Evening Standard

Luxury flat sales hit zero in EU vote run-up

- Jonathan Prynn and Joanna Bourke

THE property giant behind the £12 billion redevelopm­ent of Earl’s Court today admitted that sales of luxury flats had ground to a halt in the run-up to last month’s EU referendum.

The company, Capital & Counties, which is demolishin­g the former Earls Court exhibition centre, said there had been no sales at all at its Lillie Square developmen­t, the most advanced ele- ment of its Earl’s Court masterplan, ahead of the Brexit poll.

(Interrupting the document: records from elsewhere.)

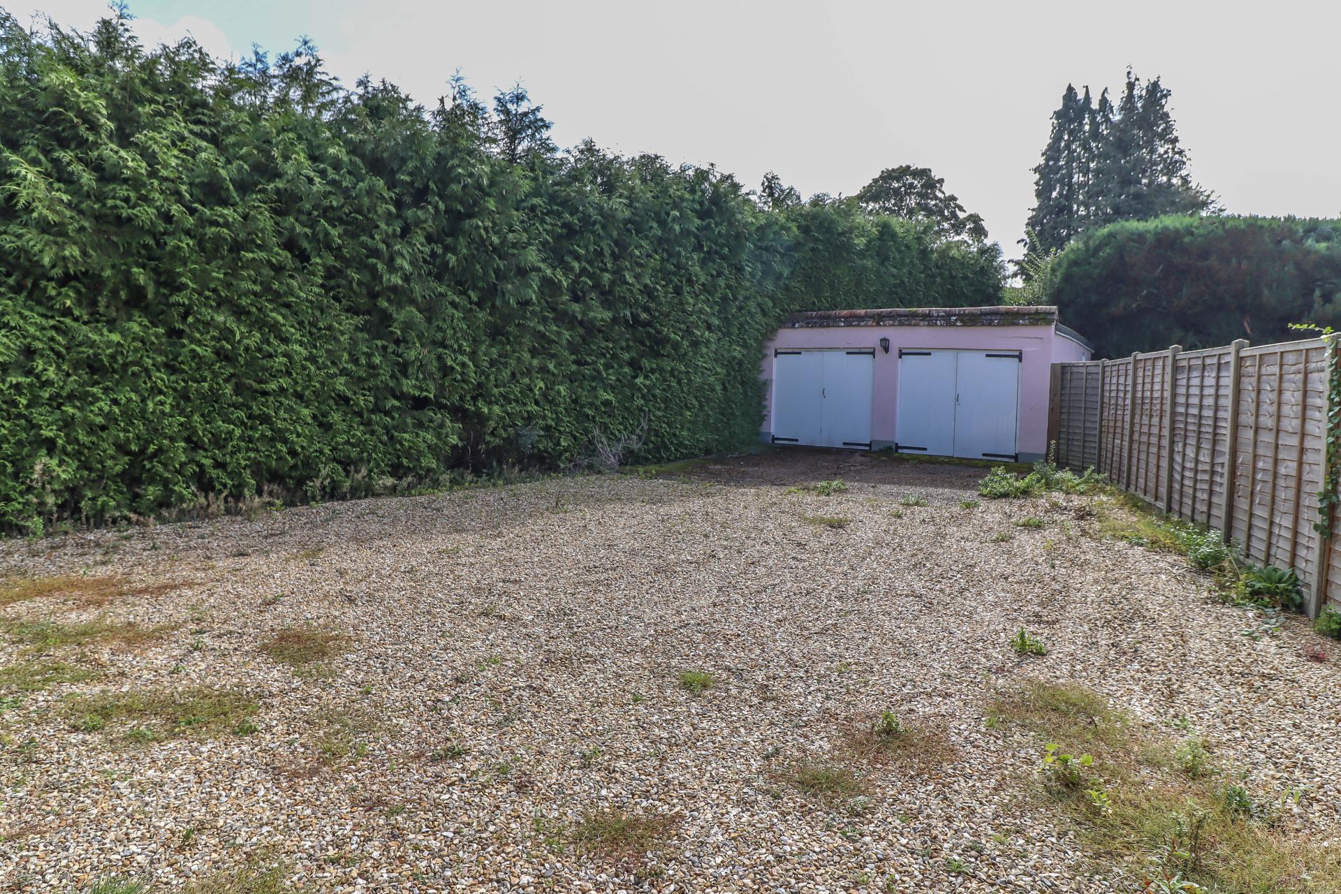 Separate private gated access of Foundry Road onto a substantial gravelled driveway enclosed by tall hedging and fencing providing extensive parking and leading to the detached double garage.
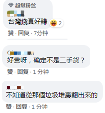 消息一出,立刻引起了部分島內網友的不滿,有人在臉書上留言表示,“台灣錢真好賺”;“好貴呀,確定不是二手貨?”“不知道從哪個垃圾堆裏翻出來的”。
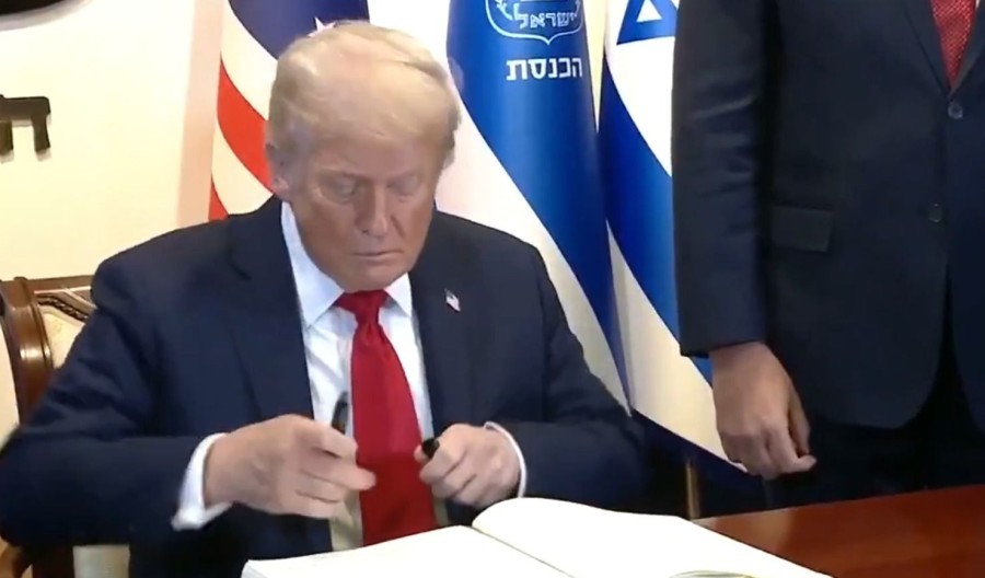 Donald Trump, İsrail Meclisi (Knesset) binasına ulaştı. Meclis'te İsrail Başbakanı Binyamin Netanyahu ve Meclis Başkanı Amir Ohana tarafından karşılanan Trump, İsrail Meclis binasında bulunan hatıra defterini imzaladı. ABD Başkanı, hatıra defterine "Bu benim için büyük bir onur - harika ve güzel bir gün. Yeni bir başlangıç." ifadelerini yazdı.

Chief executive Ian Hawksworth said “people were not really making capital decisions” in the weeks of extreme uncertaint­y before the June 23 vote.

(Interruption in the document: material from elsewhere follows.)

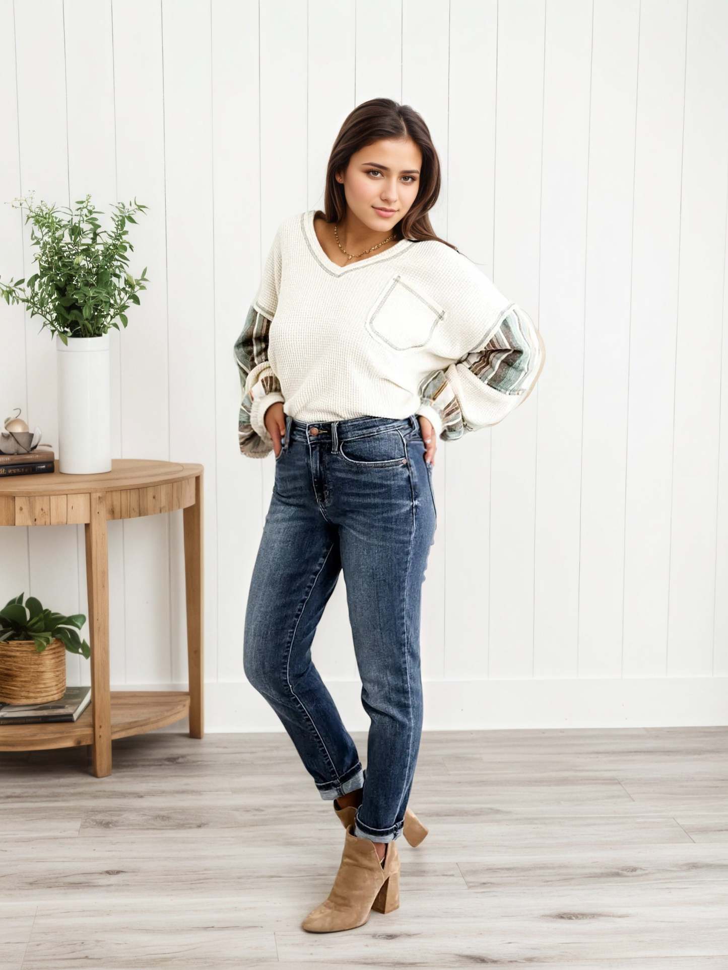 These jeans are the holy grail of denim and the epitome of trendy meets comfort! These have a relaxed fit! That is one of our favorite cuts here because it flatters ALL figures, is one of the trendiest styles, and is so comfortable!
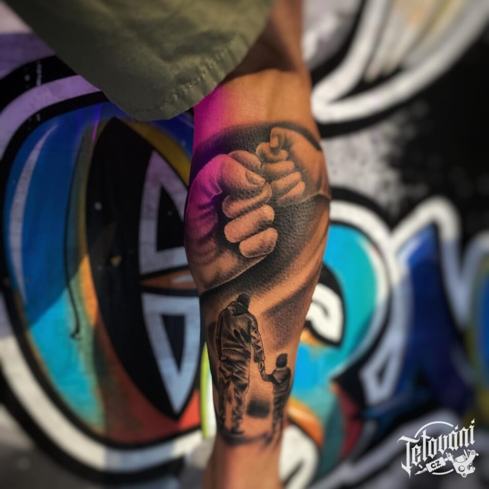 Tetování rodina, rodiče, ruce na lýtko

Shares in the company slumped when it said the “slow” sales and “weakened sentiment” in the central London property market had forced it to slash 14.3 per cent, or £162 million, off the valuation of its 77-acre holdings in Earl’s Court, leaving it at £1.195 billion. By mid morning they were down 15p, or more than five per cent, to 281.4p. The writedown left Capital & Counties nursing a £109 million pre-tax loss in the first half of the year.

The shares have tumbled by around 40 per cent over the past year amid growing concern about a possible collapse in the luxury new homes market in central London. But Mr Hawksworth said four apartments at Lillie Square had been snapped up at an average cost of £1.1 million since the referendum.